The analogy is totally misleading. In the first place, U.S. troops in Bosnia, for example, if they are any kind of cops, are American cops; they are in no way accountable to Bosnians. The same goes, obviously, for any other foreign troops under NATO’s aegis. In the second place, however, they are not cops at all; Clinton has an agenda, about which he has been quite open, that has nothing to do with restoring the victim’s valuables or punishing the mugger.
It is not that Clinton and his advisors are especially malevolent; they must act this way. They are not really free to do what it would take to bring a truly just peace to Bosnia— restoring an integrated and democratic republic, disarming all the Serb and Croat militias there, returning all refugees to their homes.
Nor are they free to promote economic and social arrangements in poor countries that lessen their dependence on the West, for example. They are not free to help the Haitian masses win real power. These are not options. Instead, the officials of the American state act under the compulsions of a system which needs global predominance to insure power and economic advantage.
The system over which this super-warlord presides as a jealous and insecure dominator needs a lot of little warlords, even if they sometimes get out of hand. U.S. leaders like to deal with securely entrenched elites or strongmen, who are relatively immune to pressure and demands from below. Inevitably, they feel that the stability they crave is more likely with, say, a Greater Serbia either dominating ex-Yugoslavia by itself or sharing it with a Greater Croatia.
During the Cold War there was broad popular support for massive defense budgets. Now there is not. On some level, millions of Americans suspect that we pay a catastrophic price for our government’s gargantuan military machine and its overweening imperial ambitions—that the United States cannot play the role of "superpower" and at the same time produce the things that make a decent life possible for its people.

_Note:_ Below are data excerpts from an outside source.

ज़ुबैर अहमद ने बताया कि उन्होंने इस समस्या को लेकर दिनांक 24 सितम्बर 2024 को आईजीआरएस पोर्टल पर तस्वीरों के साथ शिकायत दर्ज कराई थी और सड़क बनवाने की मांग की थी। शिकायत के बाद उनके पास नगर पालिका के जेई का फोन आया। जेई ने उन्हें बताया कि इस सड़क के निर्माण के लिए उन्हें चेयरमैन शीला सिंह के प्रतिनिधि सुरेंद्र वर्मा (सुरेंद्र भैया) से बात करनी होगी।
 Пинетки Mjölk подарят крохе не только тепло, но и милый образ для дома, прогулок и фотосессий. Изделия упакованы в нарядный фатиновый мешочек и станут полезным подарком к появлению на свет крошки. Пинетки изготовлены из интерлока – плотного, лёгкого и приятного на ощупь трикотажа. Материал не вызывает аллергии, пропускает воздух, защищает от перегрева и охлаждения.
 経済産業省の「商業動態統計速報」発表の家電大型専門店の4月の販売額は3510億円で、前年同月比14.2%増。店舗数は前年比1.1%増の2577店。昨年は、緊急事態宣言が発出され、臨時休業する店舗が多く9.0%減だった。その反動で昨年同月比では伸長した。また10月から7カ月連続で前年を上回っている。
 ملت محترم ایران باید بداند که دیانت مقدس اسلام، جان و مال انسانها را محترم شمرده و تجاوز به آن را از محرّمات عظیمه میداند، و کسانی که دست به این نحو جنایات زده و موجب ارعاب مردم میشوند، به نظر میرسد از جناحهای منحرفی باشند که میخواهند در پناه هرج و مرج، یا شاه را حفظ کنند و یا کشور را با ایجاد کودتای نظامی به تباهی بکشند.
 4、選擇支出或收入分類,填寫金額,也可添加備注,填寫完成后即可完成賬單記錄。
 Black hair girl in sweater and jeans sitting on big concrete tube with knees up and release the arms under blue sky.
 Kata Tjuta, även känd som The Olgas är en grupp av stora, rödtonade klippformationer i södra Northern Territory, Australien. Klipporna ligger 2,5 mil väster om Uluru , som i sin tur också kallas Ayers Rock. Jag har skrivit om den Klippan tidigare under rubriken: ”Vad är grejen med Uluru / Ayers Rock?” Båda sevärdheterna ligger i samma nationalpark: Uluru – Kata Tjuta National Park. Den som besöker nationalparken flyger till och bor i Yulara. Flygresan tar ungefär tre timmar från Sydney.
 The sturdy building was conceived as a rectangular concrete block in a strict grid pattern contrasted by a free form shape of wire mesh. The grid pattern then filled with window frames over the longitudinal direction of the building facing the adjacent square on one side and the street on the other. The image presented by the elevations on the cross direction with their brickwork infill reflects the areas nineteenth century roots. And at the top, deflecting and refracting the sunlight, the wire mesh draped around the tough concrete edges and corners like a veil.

The left—people who have a more elaborated understanding of imperialism and its political functions—seems unable to connect with these perceptions and deepen them. Yet the moment could hardly be more propitious. Americans are in a rebellious mood. Unless the left manages to clearly differentiate itself from the Democratic Party’s bankrupt neoliberalism and poses an organized alternative, it is the right that will succeed in taking advantage of popular discontent.
Words like "radicalism" and "revolution" are bandied about freely—mainly by Republicans, alas, but the sudden appearance of language long considered utterly marginal to American politics expresses a complex mood, including a healthy disgust with the establishment as well as more atavistic impulses.

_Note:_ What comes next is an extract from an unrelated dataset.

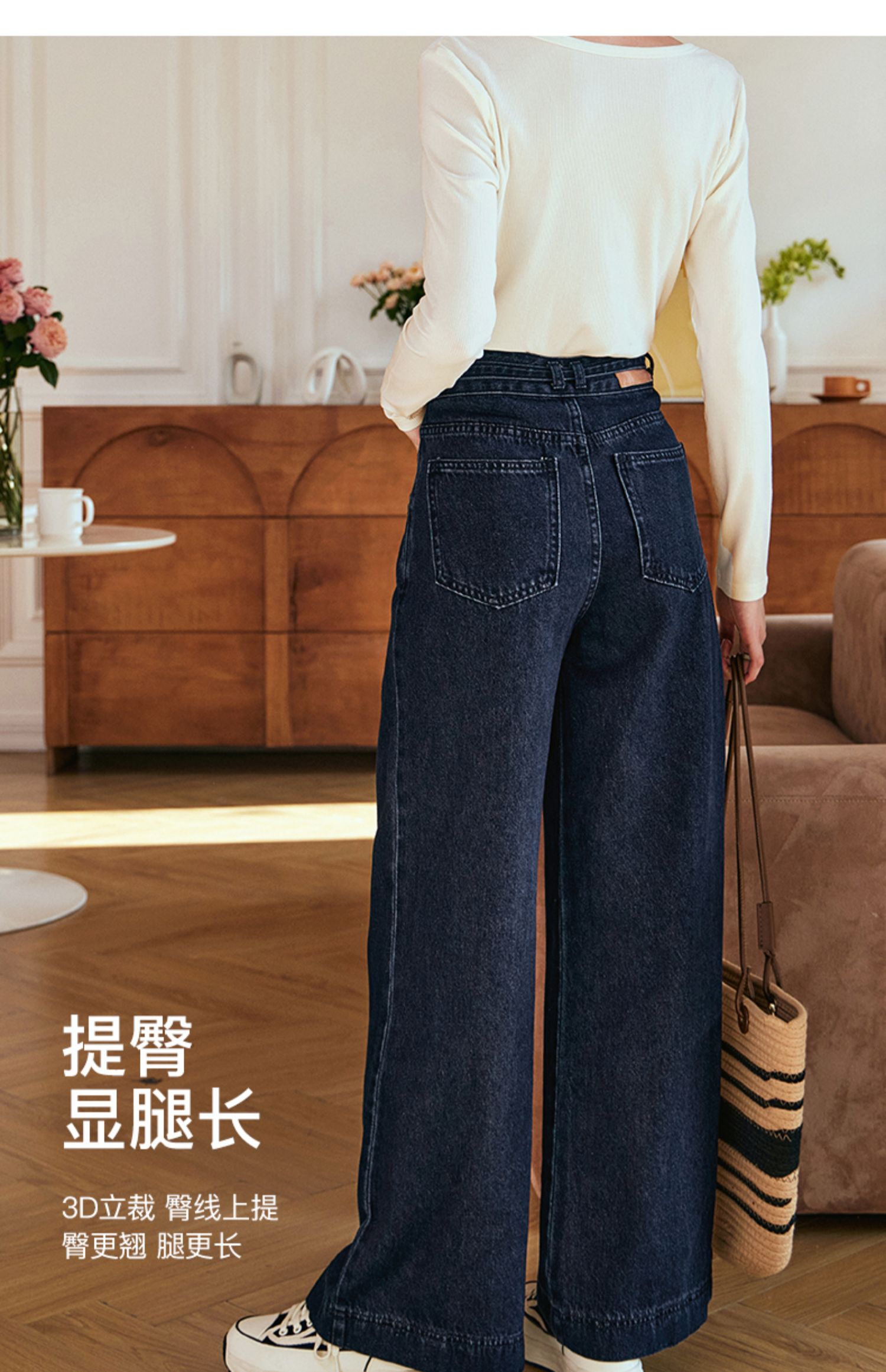 OLrain欧芮儿直筒牛仔裤女秋冬2023年新款高腰显瘦百搭微喇长裤

In the absence of an obvious foreign threat, it is hard for our leaders to justify to the public a bloated military budget—which is probably why all the talk about new war-fighting scenarios that followed the end of the Cold War seems to have been succeeded by a conspiracy of silence.

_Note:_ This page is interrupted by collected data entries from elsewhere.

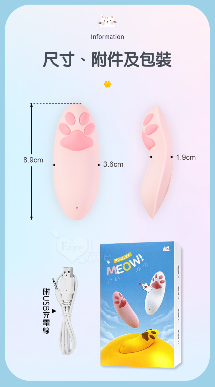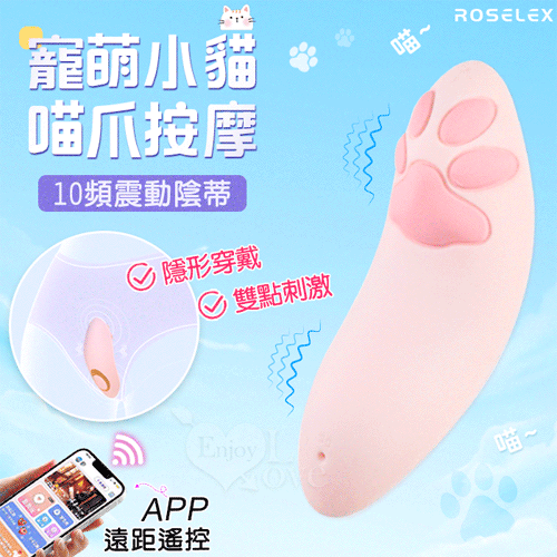 ROSELEX勞樂斯.寵萌小貓喵爪按摩器-10頻震動陰蒂刺激調情自慰跳蛋﹝可兩種操控模式/隱形貼合/滑順矽膠﹞
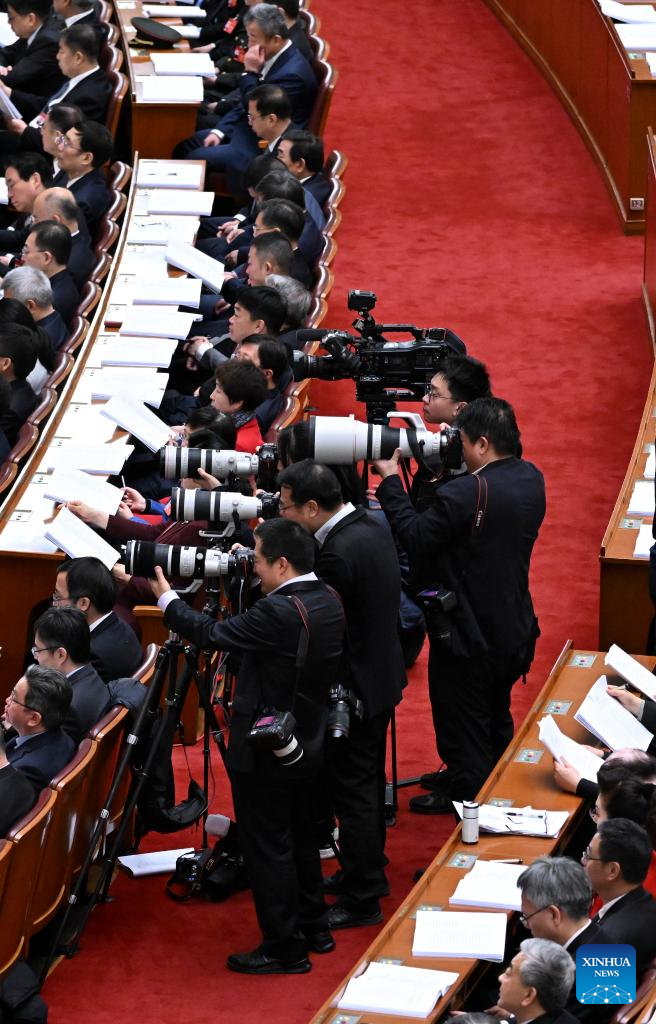 Journalists work at the third plenary meeting of the second session of the 14th National Committee of the Chinese People's Political Consultative Conference (CPPCC) at the Great Hall of the People in Beijing, capital of China, March 9, 2024. (Xinhua/Chen Yehua)
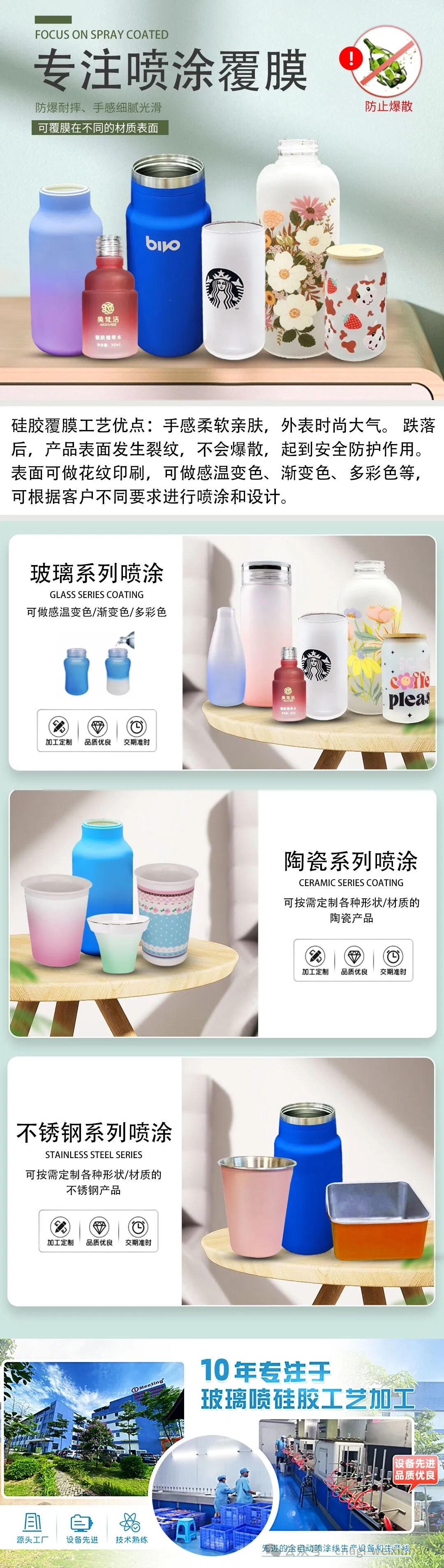 硅胶覆膜工艺优点,手感舒适, 犹如手触宝宝的皮肤感,产品安全防爆, 跌落后,不会爆散,起到安全防护作用,产品外观高端大气,表面可做花纹印刷, 可做感温变色、渐变色、多彩色硅胶覆膜工艺, 根据客户要求采用不同厚度手感设计。研发优势 公司拥有独立的研发团队,并掌握先进技术和产品工艺,不断推出新材料、材质的产品应用。生产优势 公司拥有拥有5000平方宽敞明亮的标准化无尘车间,生产线和一流的全自动喷涂线生产设备,保证产品质量,月产能达到100万支。品质优势 独立的品质管控部门,完善的质量保证管理体系,确保产品品质膜厚测试、附着力百格测试、耐磨性测试、剥离测试耐溶剂测试、蒸煮耐温测试、表面抗污测试,洗碗机测试等。成本优势 价格成本可控,原材料源头直接生产加工,不经其他中间环节,节省生产成本。主营产品:1.玻璃制品喷硅胶加工 2、不锈钢五金系列制品喷硅胶加工 3、塑料制品喷硅胶加工 4、陶瓷制品喷硅胶加工。公司地址:广州市花都区花东镇金谷工业区启东路4号C栋3楼联系电话:19864893319,13066319033;

Of course, the pursuit of empire has not been a serious issue in a national electoral campaign since the annexation of the Philippines at the turn of the century. Eugene McCarthy, Robert Kennedy and George McGovern campaigned against the Vietnam War, but none of them really questioned NATO, nuclear deterrence and the whole panoply of U.S. might.
Today a few (ever fewer) liberal politicians call for (ever more modest) cuts in military spending, but none of them challenges the assumption that the United States has the right to dominate other peoples and, if necessary, sacrifice whole nations to its self-defined strategic imperatives. If we are ever to break up the deadly consensus of American high politics, the issue of an alternative foreign policy cannot be avoided.